CubeSats, tiny satellites about the size of a loaf of bread or smaller, hold the promise of opening space up to low-budget space missions, but currently they're largely restricted to Low-Earth Orbit (LEO). To broaden the scope of these pint-sized spacecraft, NASA is developing its CubeSat Application for Planetary Entry Missions (CAPE) concept, which would see the development of miniature space probes that can be sent in fleets on interplanetary missions for multi-point sampling, as opposed to the bus-sized, do-it-all probes that are currently in service.
CAPE is the brainchild of technologist Jaime Esper at NASA’s Goddard Space Flight Center in Greenbelt, Maryland, who envisions the interplanetary CubeSat as a pair of modules similar to those used on the crew and cargo ships that service the International Space Station (ISS). These would consist of two modules weighing less than 11 lb (4.9 kg) and measuring 4 in (10 cm) on a side. The first would be a service module to power the craft, and the second a Micro-Re-entry Capsule (MIRCA) for entering the atmosphere of Mars or some other planet or moon under study.

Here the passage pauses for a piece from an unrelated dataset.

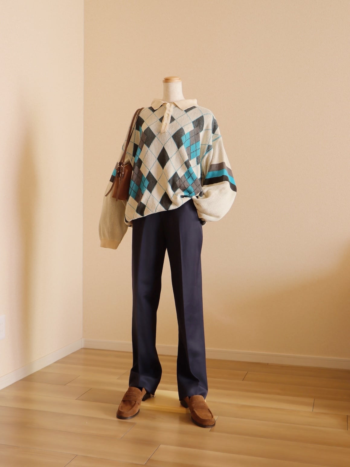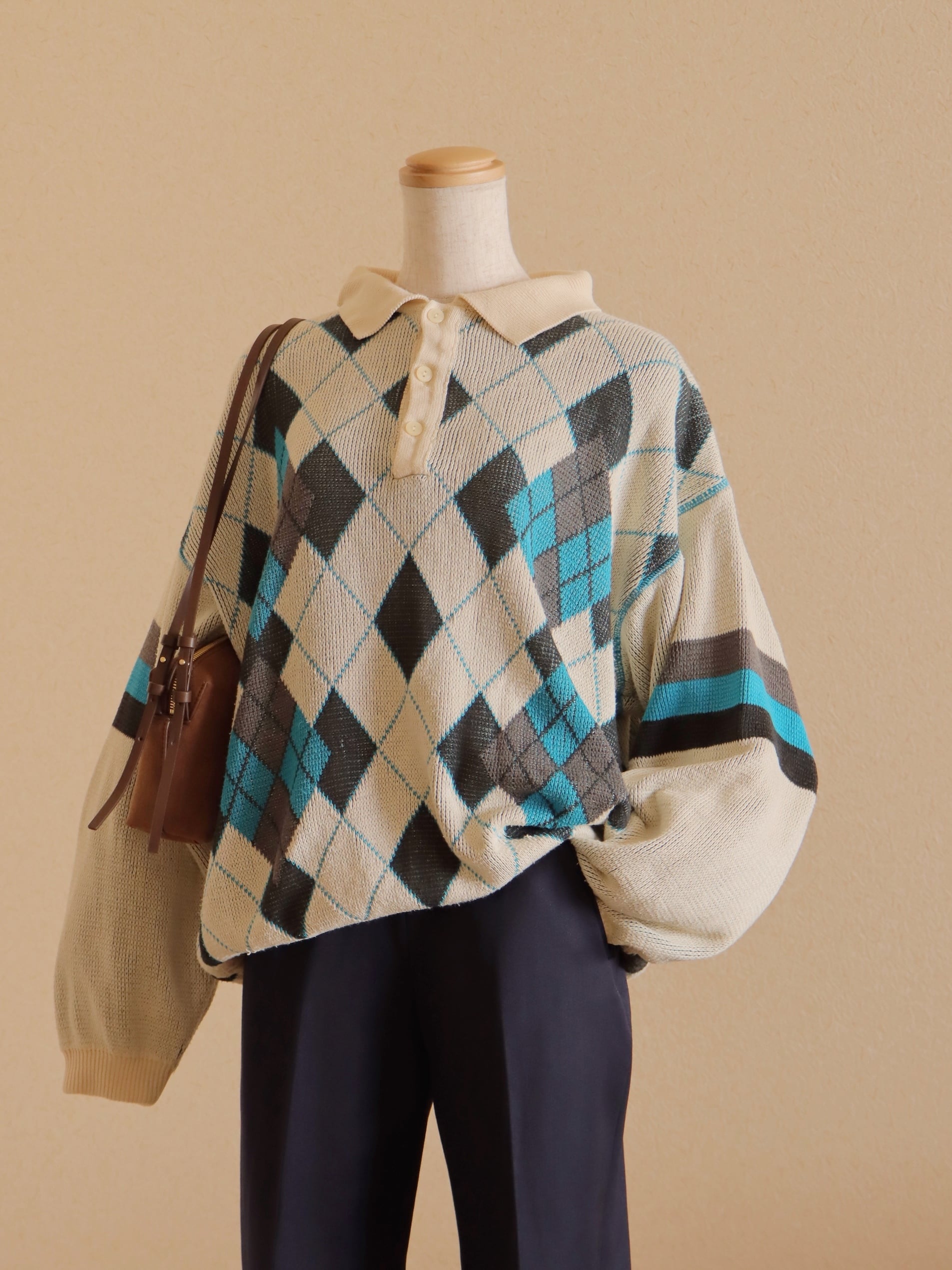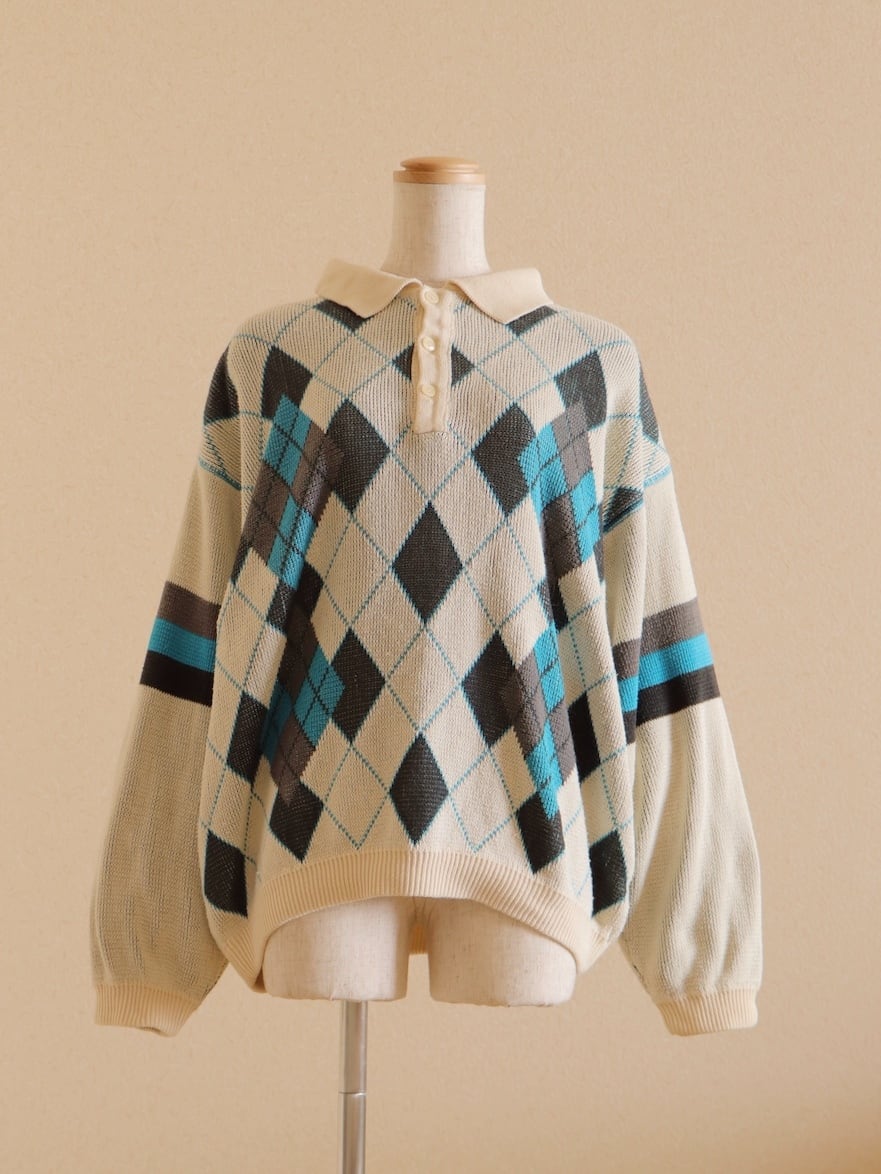 ●made in ITALY BENETTON argyle Jacquard knitted sweater

The idea is that the CAPE/MICRA spacecraft would be carried by a mothership, which would eject them before reaching the target planet or moon. The service module would then provide power from solar panels or internal batteries and make its way to its target. Once the journey is complete, the MICRA module would separate and enter the planet's atmosphere, where accelerometers, gyros, thermal and pressure sensors, radiometers, and other sensors would send data back to the mothership.
According to NASA, the next step in the project is for the MICRA module to carry out tests later this year at Fort Sumner, New Mexico, where it will be dropped from a high-altitude balloon at an altitude of 18.6 mi (30 km) and accelerate to up to Mach 1 in free fall. Esper says that he hopes to send the MICRA module to the ISS as early as 2016, so it can be tested under actual space and re-entry conditions.
"The balloon drop of MIRCA will in itself mark the first time a CubeSat planetary entry capsule is flight tested, not only at Goddard, but anywhere else in the world," says Esper, who believes the concept might appeal to universities and cash-strapped researchers. "That in turn enables new opportunities in planetary exploration not available to date, and represents a game-changing opportunity for Goddard."